Photograph courtesy of Bravo TV.
Angelo Sosa
Age: 35.
Hails from: Durham, Connecticut, which he describes as a “cow-tippin’ town.” Works in Manhattan.
Job: Owns Xie Xie, a sandwich shop that turns out Asian-accented lobster rolls and fortune cookies with yuzu cream. He hopes to expand it to many cities, including Washington.
Gael Greene moment: Speaking of that lobster roll, Sosa muses: “The flavors are pounding—like getting into the ring with Mike Tyson.”
Reminds us of: Season-two winner Ilan Hall.
Education: Manchester Community College, Culinary Institute of America.
Mentor: Jean-Georges Vongerichten, whom he worked with for five years. Sosa was executive sous-chef at both Jean Georges and the original Spice Market.
Moment he’d like to forget: He once accidentally set veal bones on fire at Jean Georges, causing the dining room of Trump International Hotel to be evacuated.

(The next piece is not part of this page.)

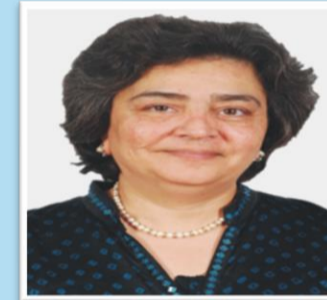
Ms Zia Mody Chairperson, CII National Committee on Regulatory Affairs Founder and Senior Partner AZB & Partners

Praise from on high: Alain Ducasse has kind words for Sosa, whom he put in charge of Spoon Food & Wine in Paris: “The cuisine of Angelo Sosa tells a story—his story—in a new style of his own, which is at once uninhibited, bold, arousing, and inspiring.” Although Ducasse sounds as if he’s narrating a cologne ad, it’s still pretty badass.
Point at which his publicist should’ve shushed him: Sosa tells the Village Voice that his big dream is “to be a household name” and “exploit” the sandwich-shop concept.
Scorecard: 8 points for years working with the big guys, 3 for being the resident hottie, 3 for ambition and self-assuredness, minus 1 for Jersey Shore levels of hair gel. Total: 13 points.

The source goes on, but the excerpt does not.